=== Begin Enclosure ===

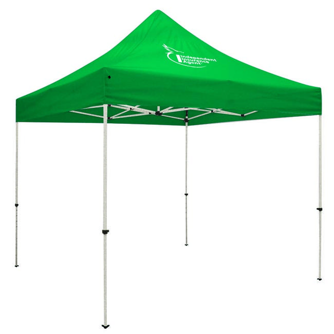 This Premium tent features a strong aluminum frame with sturdy hexagon-shaped legs. Pricing includes a full color print in one location. Available in black, green, navy, orange, red, royal, white and yellow.
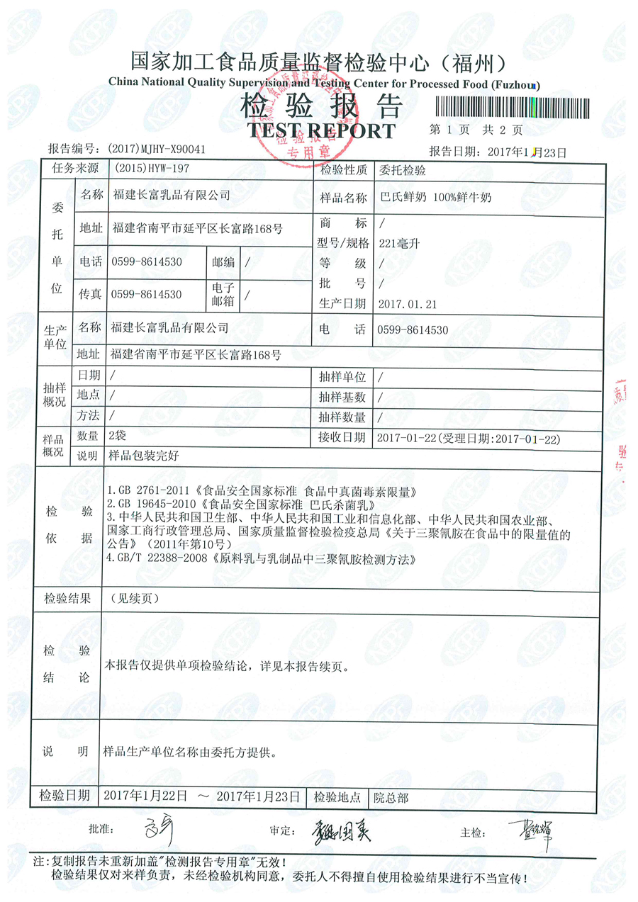 長(zhǎng)富牛奶2017年1月21日質(zhì)檢所冷鏈檢測(cè)報(bào)告
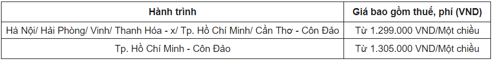 - Mức giá ưu đãi áp dụng cho hành trình từ Hà Nội/Hải Phòng/Vinh/Thanh Hoá đến Côn Đảo nối chuyến tối đa 6 tiếng tại Tp.Hồ Chí Minh/Cần Thơ chỉ từ 435.000 VNĐ/ chiều (tương đương 1.299.000 VNĐ/chiều bao gồm thuế, phí).
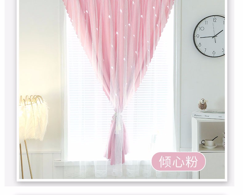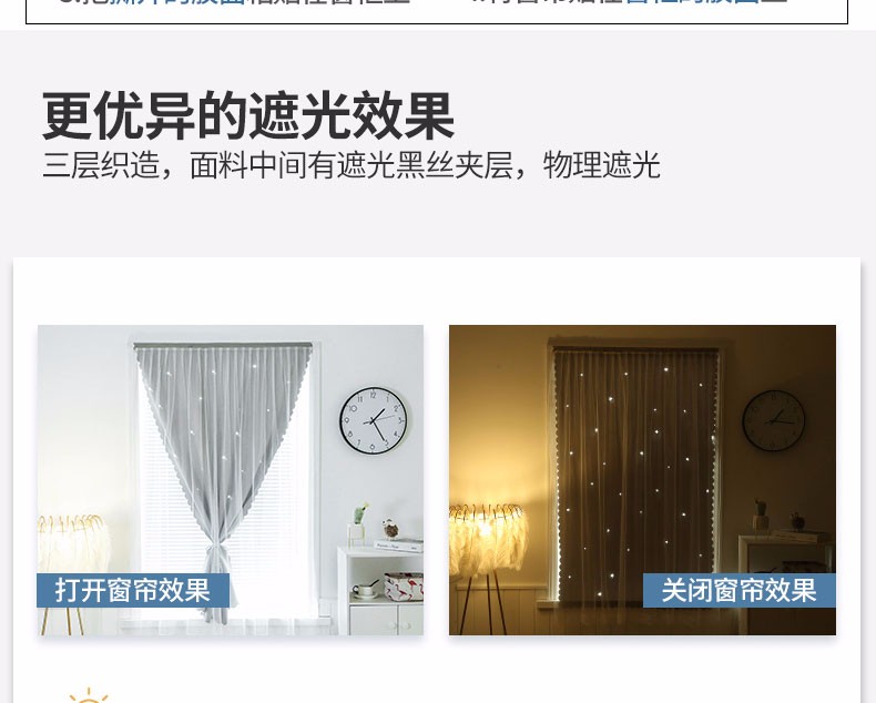 镜集营 窗帘免打孔 魔术贴窗帘 双层遮光窗帘免打孔遮光ファブリック生地简易卧室飘窗出租房厨房小窗帘短帘遮阳ファブリック生地 灰色缕空星星 宽1.5x高1.8米
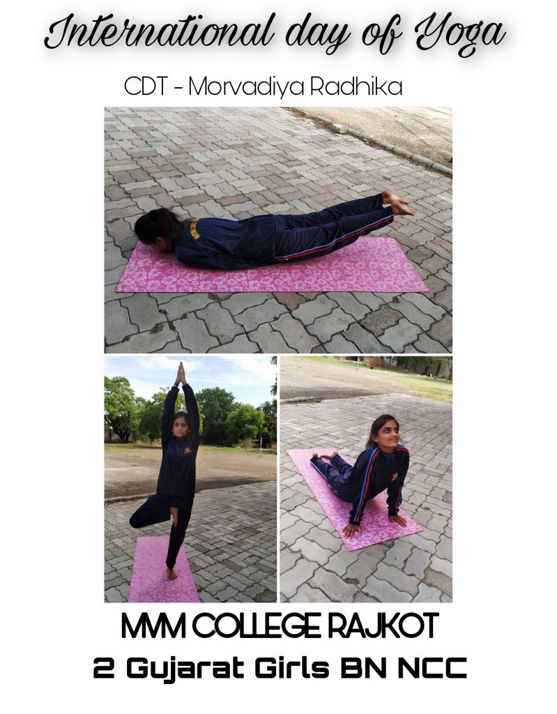 I'm CDT Radhika Morvadiya from MVM college - 2 Gujarat girl's BN NCC Rajkot I did this activity of yoga. Yoga is an activity that includes breathing techniques , yoga poses and mindfulness.
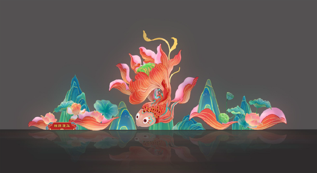 鲤跃莲华灯组通过灵动的鲤鱼与盛开的莲花交相辉映,象征吉祥如意、顺风顺水,跃动的鲤鱼仿佛穿越波涛而来,将美好的新春祝福送到每一位市民游客心中。
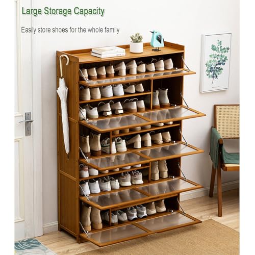 Shoe Storage Shelf Slim Shoe Storage Cabinet for Entryway, Bamboo Shoe Organizer with Flip Drawers, Free Standing Shoe Cabinet for Closet, Hallway Shoe Rack Organization Shelves
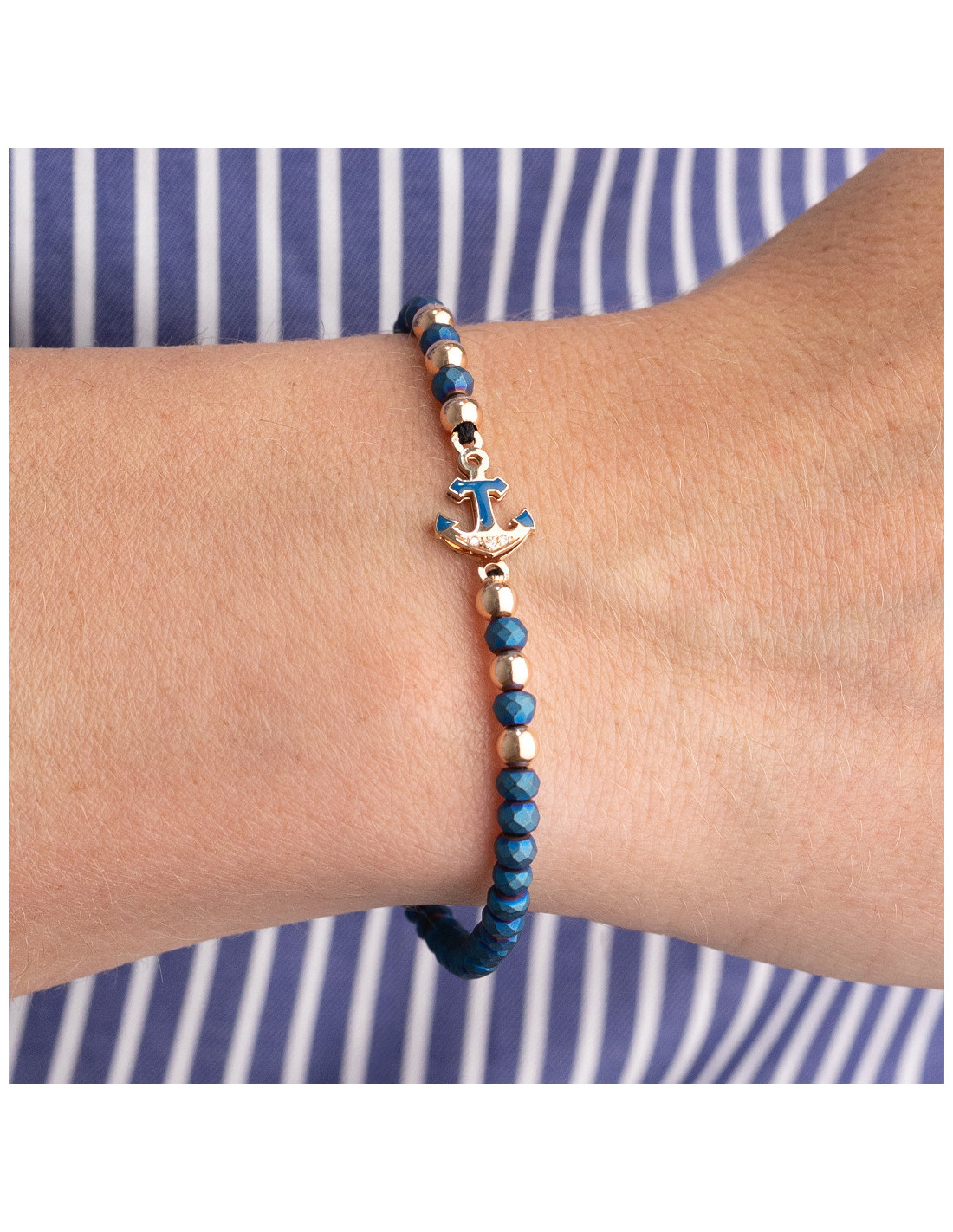 Un Tesoro Marino de Elegancia y Brillantez. La pulsera "Océano" de hilo color negro con nudos de macramé, cuentas de oro rosa de 18kt., hematites azules y diamantes.

=== End Enclosure ===

The problem: Repeat the whole listing above word for word, but keep any picture out of it.

Response to the exercise:
 This Premium tent features a strong aluminum frame with sturdy hexagon-shaped legs. Pricing includes a full color print in one location. Available in black, green, navy, orange, red, royal, white and yellow.
 長(zhǎng)富牛奶2017年1月21日質(zhì)檢所冷鏈檢測(cè)報(bào)告
 - Mức giá ưu đãi áp dụng cho hành trình từ Hà Nội/Hải Phòng/Vinh/Thanh Hoá đến Côn Đảo nối chuyến tối đa 6 tiếng tại Tp.Hồ Chí Minh/Cần Thơ chỉ từ 435.000 VNĐ/ chiều (tương đương 1.299.000 VNĐ/chiều bao gồm thuế, phí).
 镜集营 窗帘免打孔 魔术贴窗帘 双层遮光窗帘免打孔遮光ファブリック生地简易卧室飘窗出租房厨房小窗帘短帘遮阳ファブリック生地 灰色缕空星星 宽1.5x高1.8米
 I'm CDT Radhika Morvadiya from MVM college - 2 Gujarat girl's BN NCC Rajkot I did this activity of yoga. Yoga is an activity that includes breathing techniques , yoga poses and mindfulness.
 鲤跃莲华灯组通过灵动的鲤鱼与盛开的莲花交相辉映,象征吉祥如意、顺风顺水,跃动的鲤鱼仿佛穿越波涛而来,将美好的新春祝福送到每一位市民游客心中。
 Shoe Storage Shelf Slim Shoe Storage Cabinet for Entryway, Bamboo Shoe Organizer with Flip Drawers, Free Standing Shoe Cabinet for Closet, Hallway Shoe Rack Organization Shelves
 Un Tesoro Marino de Elegancia y Brillantez. La pulsera "Océano" de hilo color negro con nudos de macramé, cuentas de oro rosa de 18kt., hematites azules y diamantes.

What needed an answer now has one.